• **ASSIGNMENT**: Exact duplicates of the lines from the top of the data through the line containing "काठमाडौं । प्रभु" are needed, with every picture left out.

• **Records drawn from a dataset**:
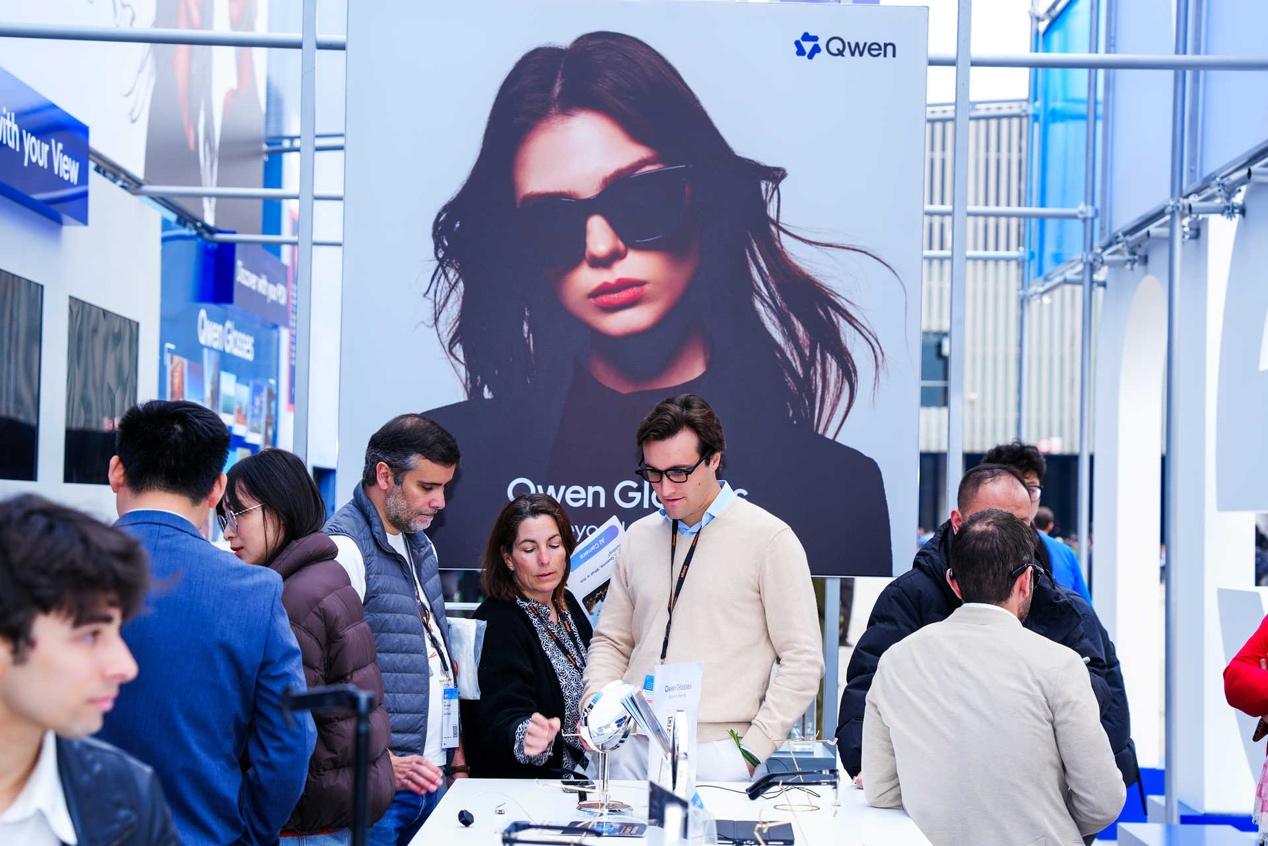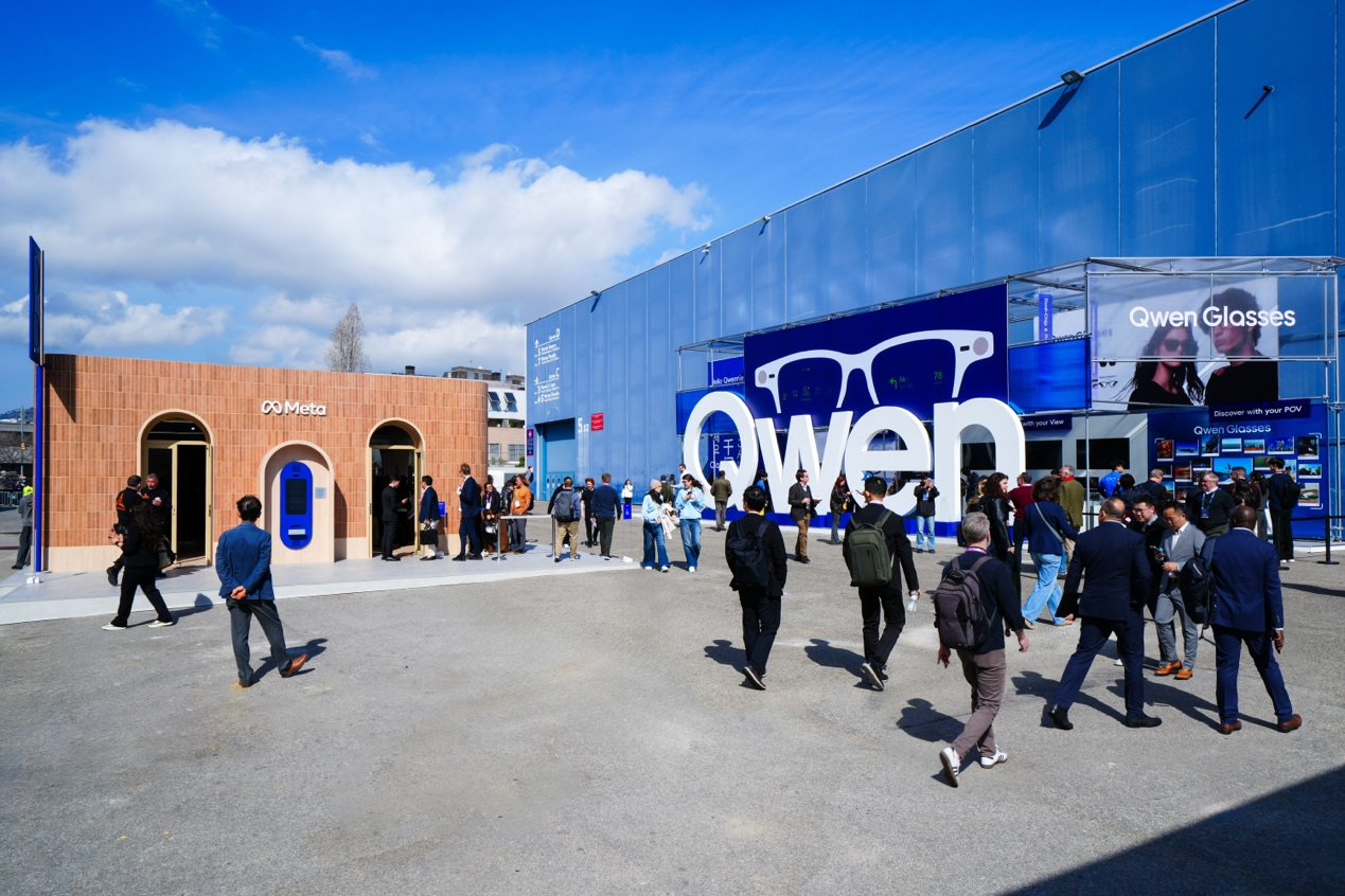 这是千问AI眼镜的众人首秀,动作阿里巴巴推出的最新AI硬件,加之现场高达5米醒指标“Qwen”标记,展台诱惑广大国际不雅众列队体验。
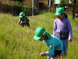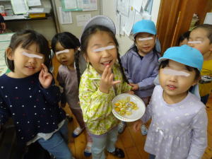 園庭の奥からキンカンを採ってきて、先生に切ってもらいました。試食をさせてもらったのですが、甘みが強くとても美味しかったです。
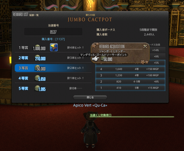 ジャンボ・くじテンダーは3等が出たよー!わーい。
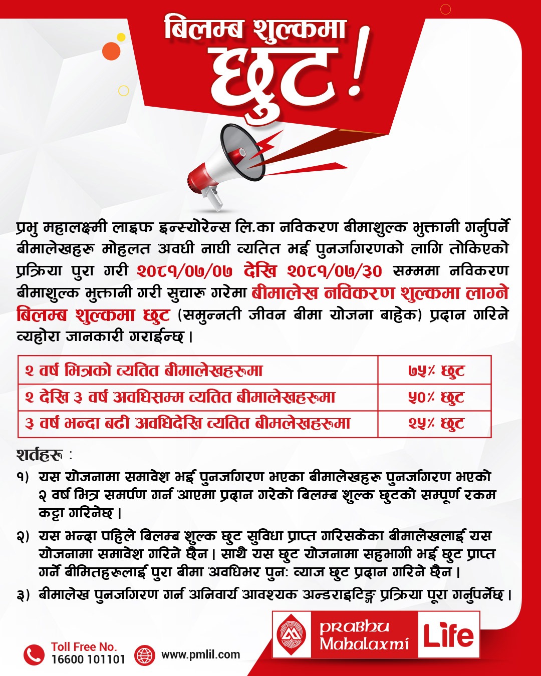 काठमाडौं । प्रभु महालक्ष्मी लाइफ इन्स्योरेन्स कम्पनी लिमिटेडले ब्यतित बीमालेखहरु नविकरण गराउँदा लाग्ने बिलम्ब शुल्कमा छुट प्रदान गरेको छ । उक्त छुट सुविधा आज अर्थात कात्तिक ७ गतेदेखि ३० गतेसम्म लागु हुनेछ ।
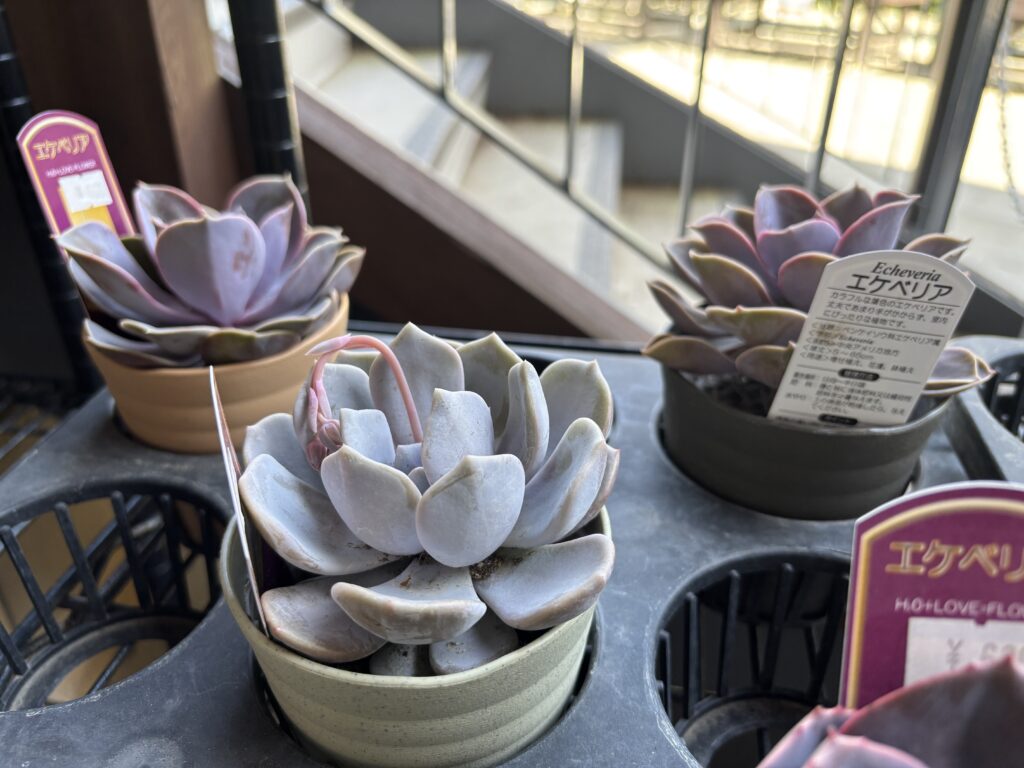 多肉植物(エケベリア)の立派な鉢が700円ほどで売られていて、都内価格との差に買いそうになりましたが、
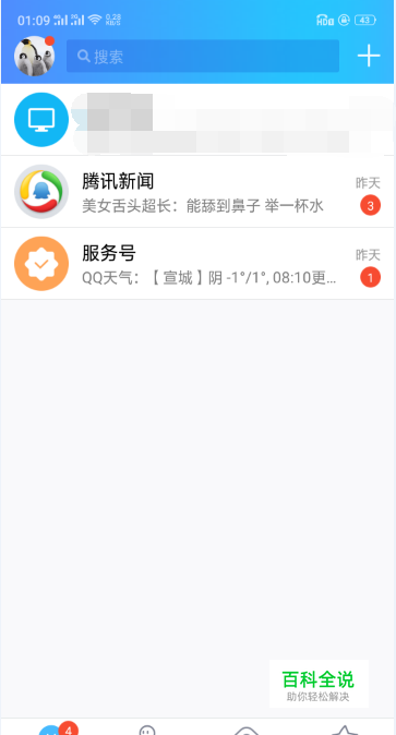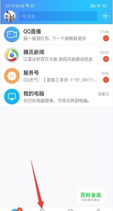打开手机,找到手机QQ,并打开,进入手机QQ主界面

• **RESPONSE TO THIS TASK**:
 这是千问AI眼镜的众人首秀,动作阿里巴巴推出的最新AI硬件,加之现场高达5米醒指标“Qwen”标记,展台诱惑广大国际不雅众列队体验。
 園庭の奥からキンカンを採ってきて、先生に切ってもらいました。試食をさせてもらったのですが、甘みが強くとても美味しかったです。
 ジャンボ・くじテンダーは3等が出たよー!わーい。
 काठमाडौं । प्रभु महालक्ष्मी लाइफ इन्स्योरेन्स कम्पनी लिमिटेडले ब्यतित बीमालेखहरु नविकरण गराउँदा लाग्ने बिलम्ब शुल्कमा छुट प्रदान गरेको छ । उक्त छुट सुविधा आज अर्थात कात्तिक ७ गतेदेखि ३० गतेसम्म लागु हुनेछ ।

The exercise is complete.